Opinion · Carta con respuesta

Otros analfabetos

Leí el otro día en su periódico la noticia “China debate cómo privatizar el campo”, e ilustran el artículo con una fotografía de una campesina en labores de recolección, rotulando “Una campesina china de la provincia de Liaoning (…) recoge trigo en una granja estatal”. El motivo de esta carta es señalarles que no es trigo. Yo creo que tras un año de publicación sus lectores nos vamos mereciendo que vayan cuidando esos pequeños detalles que dan rigor al periódico. Un saludo.

RAFAEL BARREDA VELÁZQUEZ MADRID

Así que no era trigo? Como era en China, ¿no sería arroz? Si llega a ser Holanda, la habríamos puesto a recoger tulipanes y, de haber sido Jaén, la pobre no tendría más remedio que varear olivos. En la canallesca somos así. Por eso le agradezco de verdad su corrección y tomo nota. Yo, que puedo hacer transbordos de metro con los ojos cerrados, que distingo a simple vista un traje de Zara y uno cortado por un buen sastre, que intuyo de forma sobrenatural el instante en el que el semáforo va a cambiar a rojo… ¡tampoco distingo el trigo de la cebada, el maíz o la soja!

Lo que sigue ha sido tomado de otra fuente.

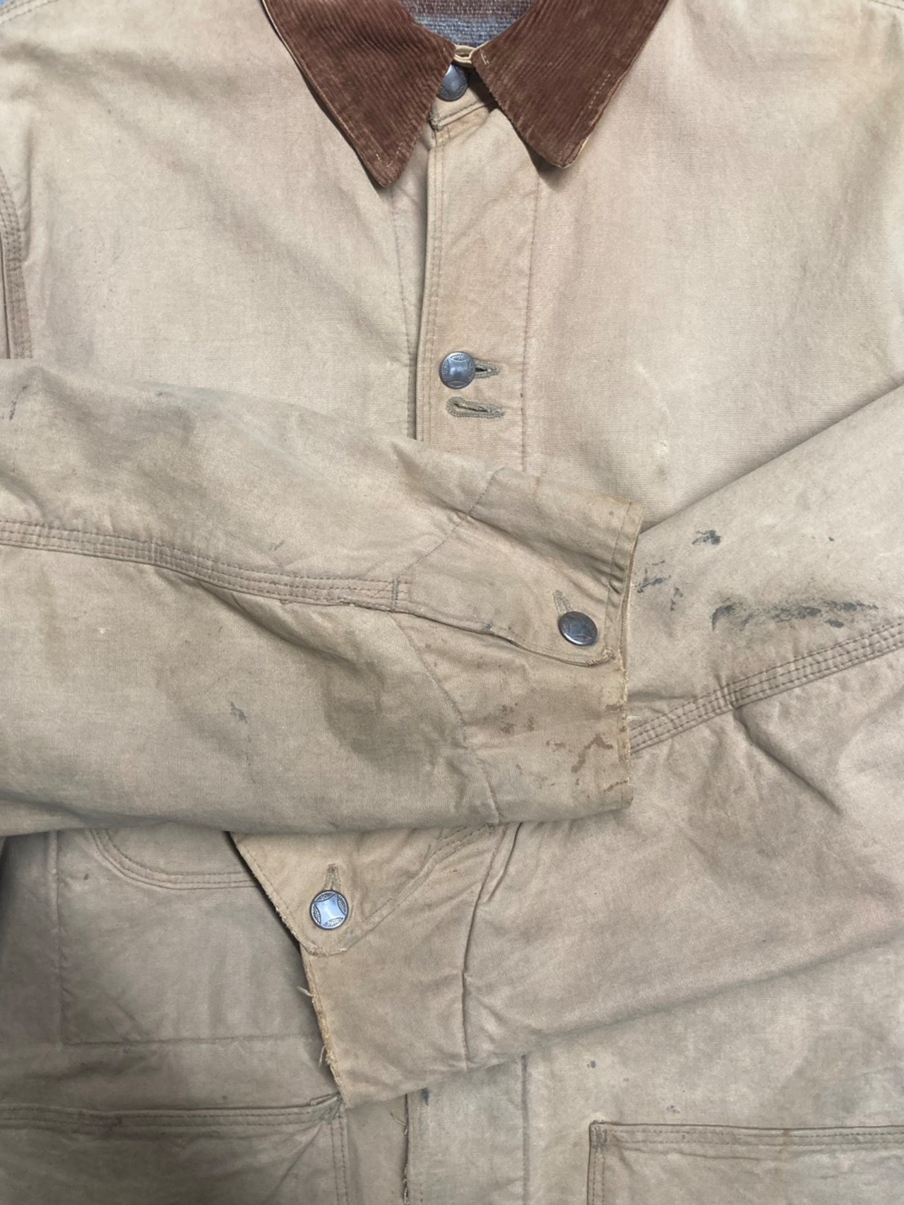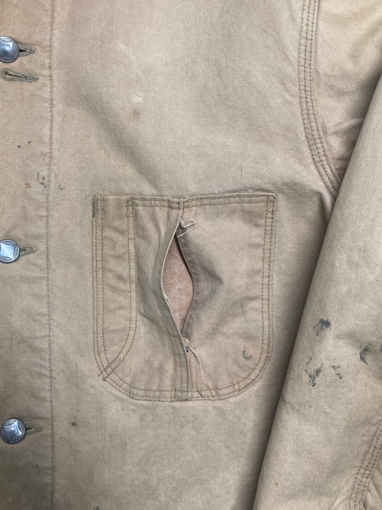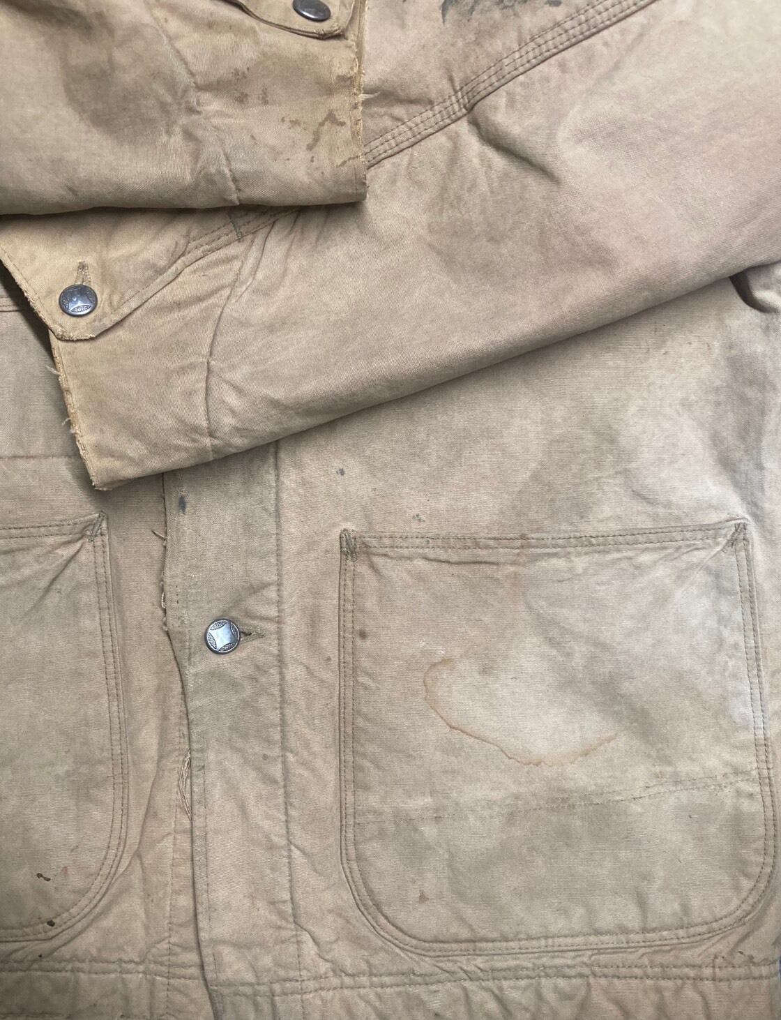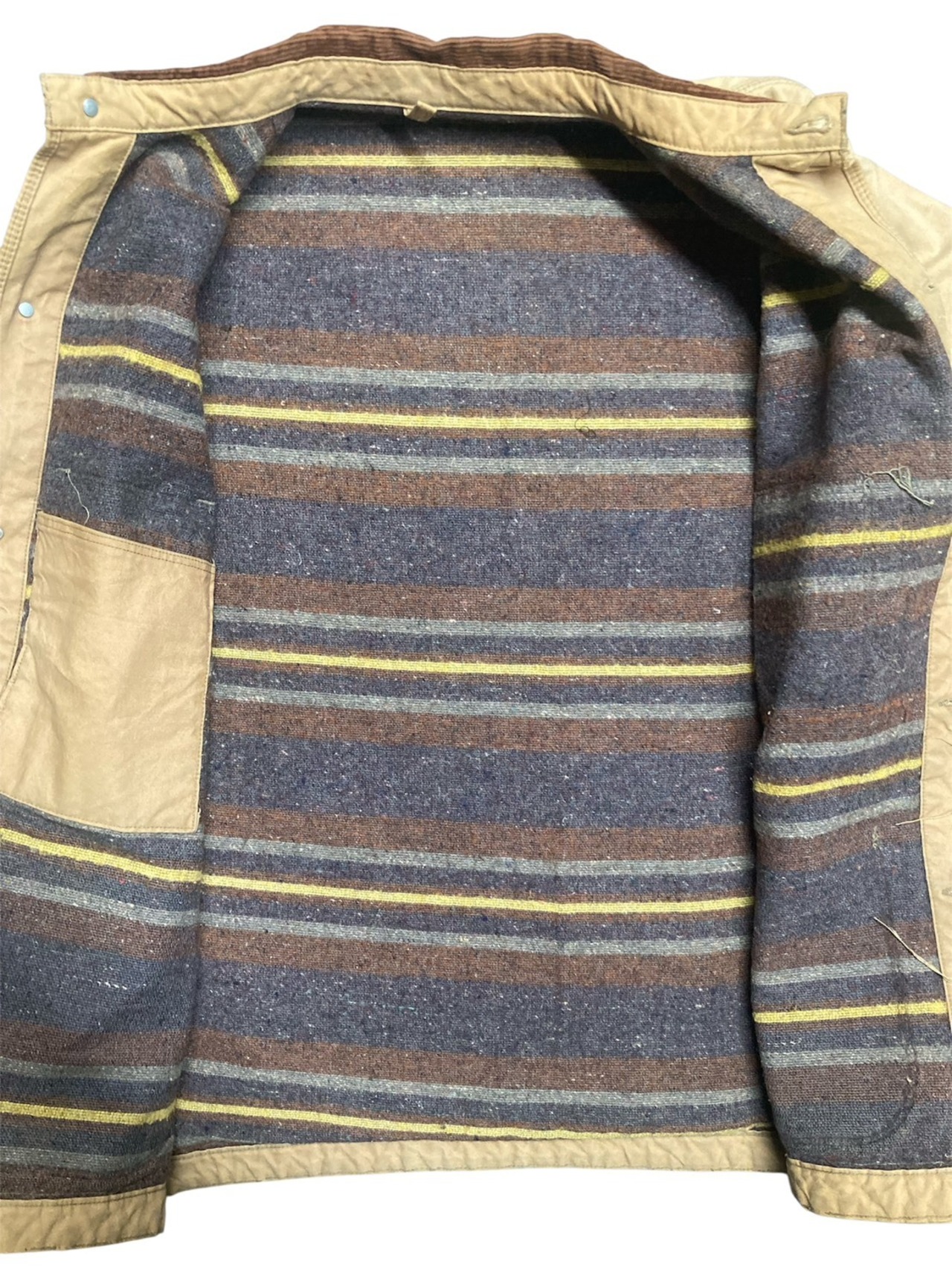1960年代のアメリカンヴィンテージ、タグが紛失しているのでブランドは不明です。ボディには丈夫なブラウンダック生地が使用され、耐久性とともに重厚感を醸し出しています。加えて、特長的なブランケットが付属しており、温かさと実用性を兼ね備えています。

En el campo, soy analfabeto, no veo nada. Para mí todo son árboles y pájaros, nada de estorninos y golondrinas o alcornoques y rododendros. Para mí el paisaje es como si estuviera escrito en jeroglíficos: no sé leerlo. Miro por la ventanilla del tren como miraría un libro un analfabeto: veo garabatos, curiosos signos, letras sueltas que no consigo unir para que formen palabras. A mí no me dice nada, no sé ni deletrear: ignoro qué rayos estoy viendo, no sé si un campo está recién arado, en barbecho o acaba de ser cosechado. Una ciudad, incluso desconocida, me parece legible; más allá de la M-30, en cambio, es como si la realidad estuviera escrita en chino o en lineal B.

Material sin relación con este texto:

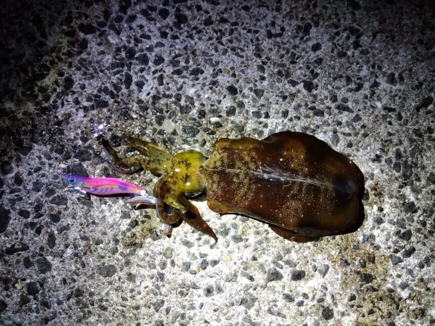 神の島三丁目のエギングで、1.5㎏のアオリイカが釣れたそうです。
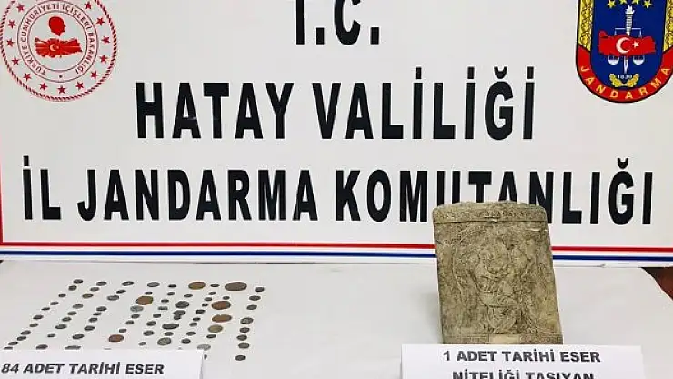 Hatay'ın Antakya ilçesinde, otomobilinde 84 sikke ile taş tablo ele geçirilen şüpheli gözaltına alındı.
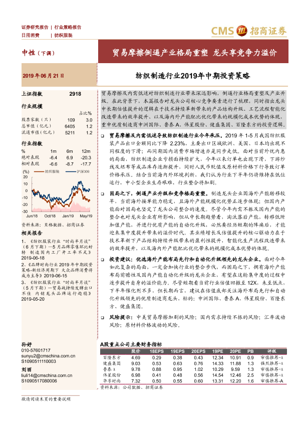 【海通证券】【20190621】纺织制造行业2019年中期投资策略:贸易摩擦倒逼产业格局重塑 龙头享竞争力溢价-17页
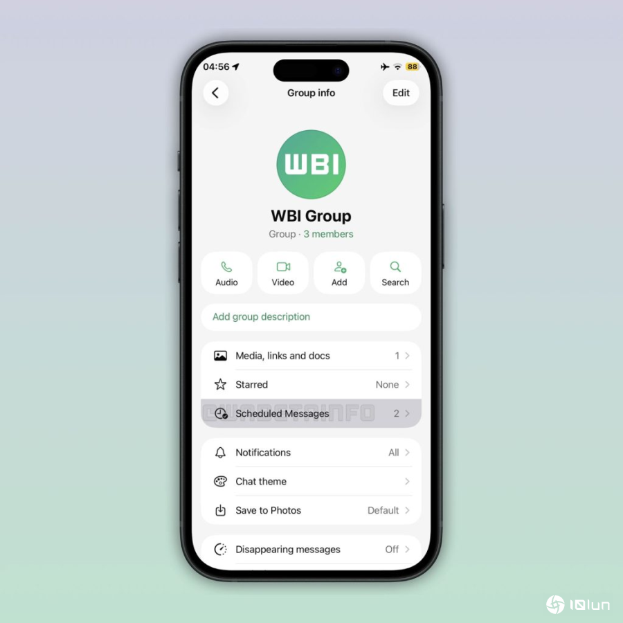 据报道,该功能“目前正在开发中,尚未开放beta测试”。不过,他们分享了一张群组信息界面的截图,截图中在“媒体、链接和文档”和“星标”选项下方出现了“定时消息”菜单项。
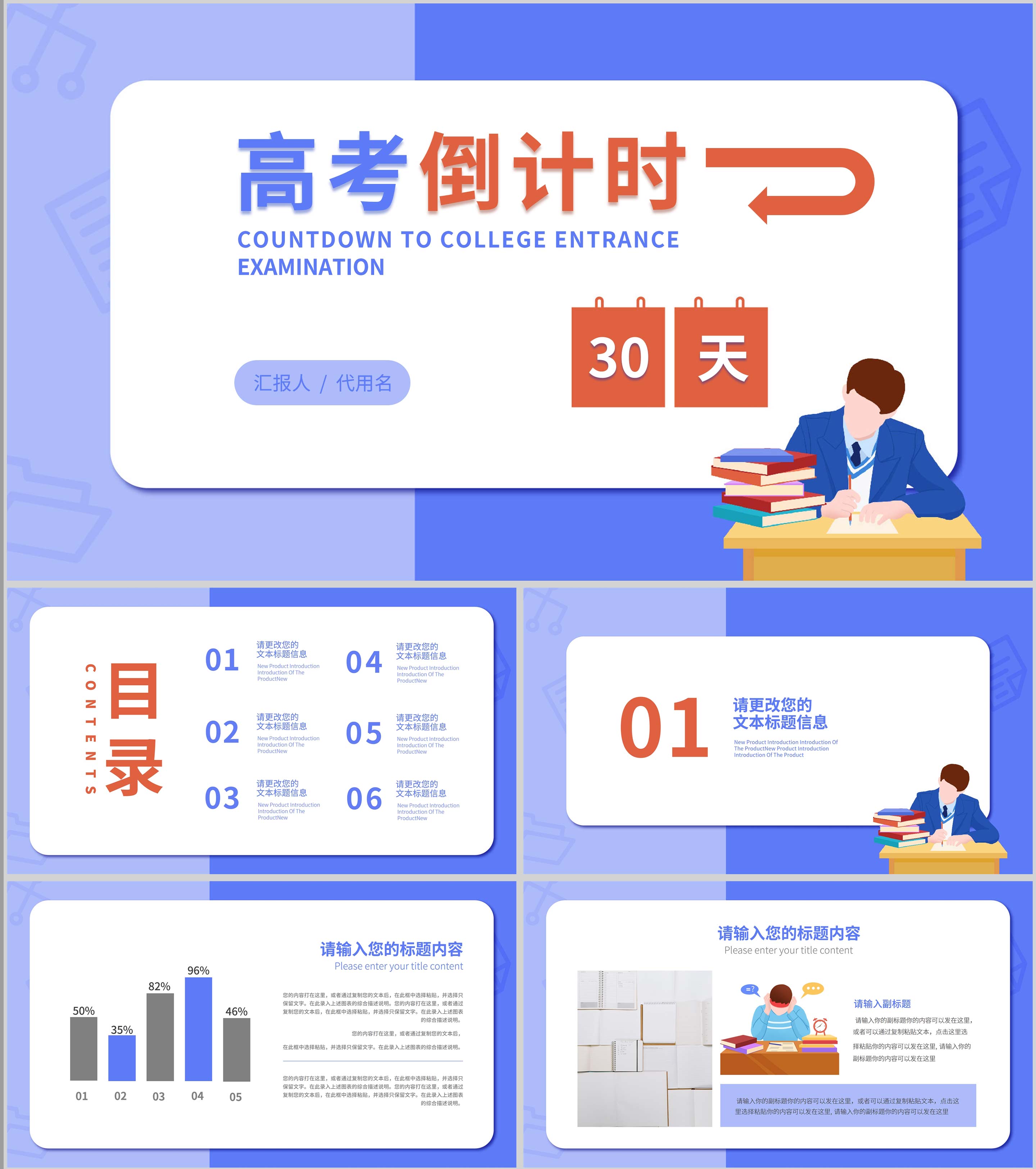 蓝色插画风高考倒计时PPT模板

En cualquier ciudad del mundo me oriento y, si en una novela leo una descripción urbana, me la imagino sin esfuerzo. Cuando leo páginas de Benet llenas de términos geológicos, capítulos de Delibes repletos de sabiduría ornitológica o esas parrafadas de Muñoz Molina en las que aparecen múltiples aperos de labranza, acabo pensando en mis cosas, porque no consigo ver nada. Distingo masas borrosas, un monte, un pájaro, una especie de azadón, como quien se olvidó las gafas y ya solo ve manchas de color.

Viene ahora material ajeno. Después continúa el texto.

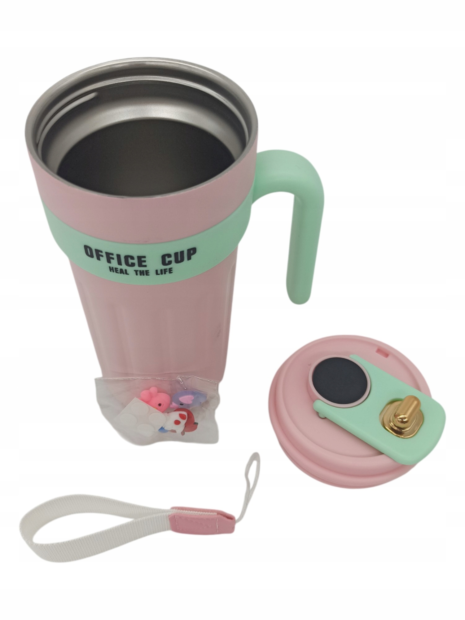 Imponująca pojemność 650 ml pozwoli Ci cieszyć się kawą, herbatą, a nawet ulubionym koktajlem przez wiele godzin. Kubek został wykonany z wysokiej jakości stali nierdzewnej, co gwarantuje długotrwałe utrzymanie temperatury i odporność na uszkodzenia. Jego nowoczesny design, uzupełniony o minimalistyczną grafikę „OFFICE CUP”, sprawia, że idealnie pasuje zarówno do biura, jak i na uczelnię czy podczas podróży.
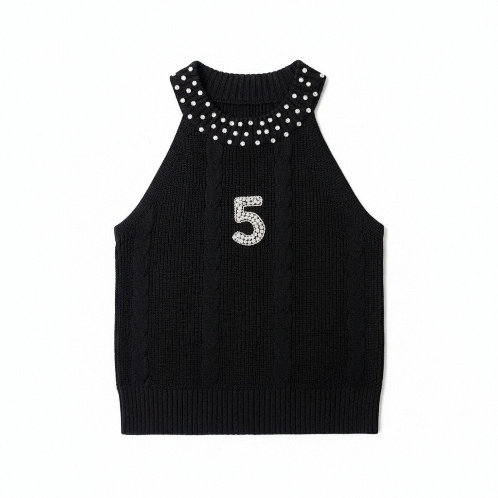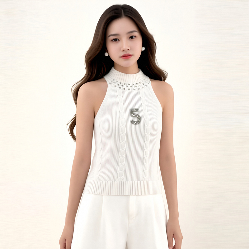 BY18592# 重工镶钻挂脖针织吊带背心女夏季新款温柔风漂亮上衣 服裝批發女裝批發服飾貨源

Este analfabetismo lo vivo como una grave y vergonzosa mutilación. Hace casi veinte años publiqué un libro en el que hablaba de unas granjas-escuela para novelistas; allí podrían aprender a hacer descripciones (o pies de foto). Me gustaría que existieran y fuera obligatoria la asistencia (también para periodistas). Antes de que nos quedemos todos ciegos, deberíamos hacer ese esfuerzo por aprender a leer la naturaleza. Gracias por ayudar.